A car accelerates from rest at 2.3m/s^2 for 18 seconds, then decelerates to 15 m/s over 301 meters.

A) How fast is the car moving at 18seconds? (Is it 2.3 m/s^2)

B) How far does the car travel over the entire trip? (The m/s and m/s^2 is tripping me up)

C) How long does it take for the car to travel the entire trip?

D) What is the car's acceleration in the second part of the trip?

E) What is the car's average velocity for this trip?

Thank you for anyone who can help.

A.V=Vo + a*t = 0 + 2.3m/s^2*18s=41.4 m/s

B. d = d1 + d2
d = 0.5a*t^2 + 301 = 0.5*2.3*18^2 + 301
= 673.6 m.

C. V^2 = Vo^2 + 2a*d
a = (V^2-Vo^2)/2d
a = (15^2-41.4^2)/602 = -2.47 m/s^2 =
deceleration.

t2 = (V-Vo)/a = (15-41.4)/-2.47 = 10.7 s

t1+t2 = 18 + 10.7 = 28.7 s. for the entire trip.

D. a = -2.47 m/s^2.

E. V = d/(t1+t2) = 673.6/28.7=23.47 m/s.

To solve these questions, we can use the equations of motion.
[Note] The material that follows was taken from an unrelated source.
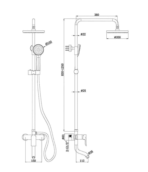 Размер верхнего душа:
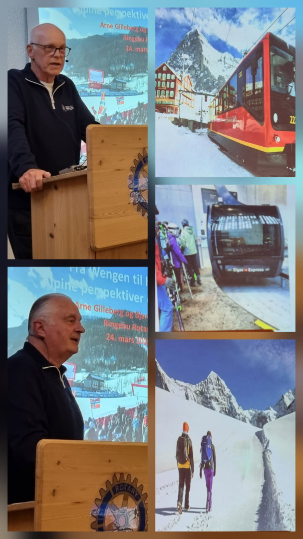 Arne har vært frivillig i 5 år, som sjåfør. Audi er sponsor, og i dag brukes bare elbiler. Arne fortalte om Wengen, Her går all transport med tog og store gondoler. Sentrum er bilfritt. Wengen er en av Europas største og viktigste alpindestinasjoner, med langt større publikumstall enn Kvitfjell. Lauberhornrennene ble arrangert første gang i 1930. utfortraseen er nesten 4,5 kilometer, lengst av alle. Flere norske alpinister har vunnet, utfor, slalåm eller kombinasjonen. I tillegg til å stå på ski kan man gå til fots i egne vintergangsløyper. Det er også tilrettelagt traseer for å kjøre kjelke fra toppen og ned. Wengen har turister hele året.

Let's go step by step:

A) To find the car's speed at 18 seconds, we can use the equation:
final speed = initial speed + (acceleration * time)

At rest, the initial speed is 0 m/s, the acceleration is 2.3 m/s^2, and the time is 18 seconds. Plugging these values into the equation, we get:
final speed = 0 m/s + (2.3 m/s^2 * 18 s) = 41.4 m/s

So, the car is moving at 41.4 m/s at 18 seconds.

B) To determine the total distance traveled by the car, we can break it into two parts: the acceleration phase and the deceleration phase.

In the acceleration phase, the car starts from rest and accelerates for 18 seconds. To find the distance covered during this phase, we can use the equation:
distance = (initial speed * time) + (0.5 * acceleration * time^2)

The initial speed is 0 m/s, the acceleration is 2.3 m/s^2, and the time is 18 seconds. Plugging these values into the equation, we get:
distance = (0 * 18) + (0.5 * 2.3 * (18^2)) = 369.9 meters

In the deceleration phase, the final speed is given as 15 m/s, and the distance covered is 301 meters.

So, the total distance traveled by the car over the entire trip is:
total distance = distance in acceleration phase + distance in deceleration phase
total distance = 369.9 meters + 301 meters = 670.9 meters

C) To find the time taken for the car to travel the entire trip, we can use the equation:
time = (final speed - initial speed) / acceleration

The initial speed is 0 m/s, the final speed is 15 m/s, and the acceleration is 2.3 m/s^2.
Plugging these values into the equation, we get:
time = (15 m/s - 0 m/s) / 2.3 m/s^2 = 6.52 seconds

So, it takes the car 6.52 seconds to travel the entire trip.

D) The car's acceleration in the second part of the trip (deceleration phase) is simply the negative of the acceleration in the first part. So, the acceleration in the second part is -2.3 m/s^2.

E) The average velocity for the whole trip can be calculated using the equation:
average velocity = total distance / total time

From the calculations above, we know the total distance is 670.9 meters, and the total time is 6.52 seconds. Plugging these values into the equation, we get:
average velocity = 670.9 meters / 6.52 seconds = 102.9 m/s

Therefore, the car's average velocity for this trip is 102.9 m/s.

I hope this explanation helps you understand how to solve these physics problems. Let me know if you have any further questions!